The pointer ip is set to the start of the array. While it remains inside the array, the place that it points to has zero written into it, then the increment takes effect and the pointer is stepped one element along the array. The postfix form of ++ is particularly useful here.

This is very common stuff indeed. In most programs you'll find pointers and increment operators used together like that, not just once or twice, but on almost every line (or so it seems while you find them difficult). What is happening, and what combinations can we get? Well, the * means indirection, and ++ or -- mean increment; either pre- or post-increment. The combinations can be pre- or post-increment of either the pointer or the thing it points to, depending on where the brackets are put. Table 5.1 gives a list.

++(*p) pre-increment thing pointed to
(*p)++ post-increment thing pointed to
*(p++) access via pointer, post-increment pointer
*(++p) access via pointer which has already been incremented
Table 5.1. Pointer notation

Read it carefully; make sure that you understand the combinations.

The expressions in the list above can usually be understood after a bit of head-scratching. Now, given that the precedence of *, ++ and -- is the same in all three cases and that they associate right to left, can you work out what happens if the brackets are removed? Nasty, isn't it? Table 5.2 shows that there's only one case where the brackets have to be there.

With parentheses Without, if possible
++(*p) ++*p
(*p)++ (*p)++
*(p++) *p++
*(++p) *++p
Table 5.2. More pointer notation

The usual reaction to that horrible sight is to decide that you don't care that the parentheses can be removed; you will always use them in your code. That's all very well but the problem is that most C programmers have learnt the important precedence rules (or at least learnt the table above) and they very rarely put the parentheses in. Like them, we don't—so if you want to be able to read the rest of the examples, you had better learn to read those expressions with or without parentheses. It'll be worth the effort in the end.

5.4.3. Untyped pointers

In certain cases it's essential to be able to convert pointers from one type to another. This is always done with the aid of casts, in expressions like the one below:

(type *) expression

The expression is converted into ‘pointer to type’, regardless of the expression's previous type. This is only supposed to be done if you're sure that you know what you're trying to do. It is not a good idea to do much of it until you have got plenty of experience. Furthermore, do not assume that the cast simply suppresses diagnostics of the ‘mismatched pointer’ sort from your compiler. On several architectures it is necessary to calculate new values when pointer types are changed.

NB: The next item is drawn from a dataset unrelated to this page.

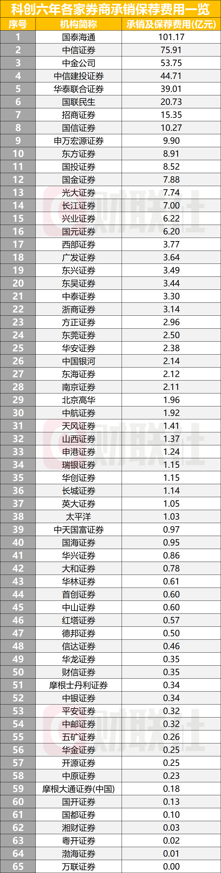 国泰海通证券以101.17亿元的收入稳居行业第一,中信证券实现收入75.91亿元。承销保荐收入排名前十的券商还有国信证券等。

There are also some occasions when you will want to use a ‘generic’ pointer. The most common example is the malloc library function, which is used to allocate storage for objects that haven't been declared. It is used by telling it how much storage is wanted—enough for a float, or an array of int, or whatever. It passes back a pointer to enough storage, which it allocates in its own mysterious way from a pool of free storage (the way that it does this is its own business). That pointer is then cast into the right type—for example if a float needs 4 bytes of free store, this is the flavour of what you would write:

float *fp;

fp = (float *)malloc(4);

Malloc finds 4 bytes of store, then the address of that piece of storage is cast into pointer-to-float and assigned to the pointer.

What type should malloc be declared to have? The type must be able to represent every known value of every type of pointer; there is no guarantee that any of the basic types in C can hold such a value.

The solution is to use the void * type that we've already talked about. Here is the last example with a declaration of malloc:

void *malloc();
float *fp;

fp = (float *)malloc(4);

The rules for assignment of pointers show that there is no need to use a cast on the return value from malloc, but it is often done in practice.

Obviously there needs to be a way to find out what value the argument to malloc should be: it will be different on different machines, so you can't just use a constant like 4. That is what the sizeof operator is for.